Religious groups and religious affairs shall not be subject to the power of foreign domination."

Banning discrimination against religious citizens in China is usually not interpreted to mean that positions in the government or military are equally open to believers in religions. Communist party membership is often a prerequisite for many government or military positions, and the communist party will frequently not allow religious believers to be members on account of their religious beliefs.

'Normal religious activities' is interpreted to mean religious activities carried out by religious bodies that have official government approval. Religions that are not permitted to exist in China like the Falun Gong or Jehovah's witnesses are not protected by the constitution. Religious groups that are not registered by the government, like Catholics who are part of an underground church or Protestant house churches, are not protected by the constitution. Furthermore, religious activities by approved groups that do not conform to the many regulations governing religion in China are also not protected by the constitution.

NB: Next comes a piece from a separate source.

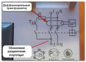 Тогда как на нижней схеме видно (рис.7), что обозначение расщепителей отсутствует, что указывает на принадлежность данного изделия к устройствам защитного отключения.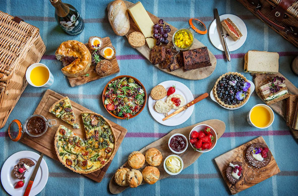 Picnic menu highlights include a summery selection of freshly cut sandwiches, savory bites and pastries and a refreshing chopped Mediterranean salad with feta and pomegranate. It also includes picnic classics such as British cheddar with oatcakes and chutney, an indulgent assortment of cakes and summer deserts and Devonshire scones with al the trimmings. It also comes equipped with a bottle of Nyetimber sparkling wine and all the picnic essentials including a rug, cutlery, glasses and condiments.

'impede the activities of the state's education system' is usually interpreted to mean that educational institutions in China are not permitted to teach religion to students. What this means is that religion can be taught as a subject, but actual religious teaching (i.e. teaching that is intended to help a person to follow a particular religious faith) is considered to be a form of 'impeding the activities of the state's education system' and as such, it is banned by the constitution.

'the power of foreign domination' is usually interpreted to mean that religious bodies in China may not be under the control of foreigners. For example, Roman Catholics may not be under the control of the Pope and the bishops of China must not be subject to the Vatican.

1994 Rules on the Religious Activities of foreigners in China
(see Administrative Rules for the Religious Activities of Foreigners within the borders of the People's Republic of China)

These rules from 1994 are rules governing the religious activities of foreigners within China. The rules protect the rights of foreigners in China to attend religious services or participate in religious activities at approved religious sites. The rules even allow for foreigners to engage in religious preaching or teaching within approved religious sites, so long as they do so with the permission of the approved Chinese religious group.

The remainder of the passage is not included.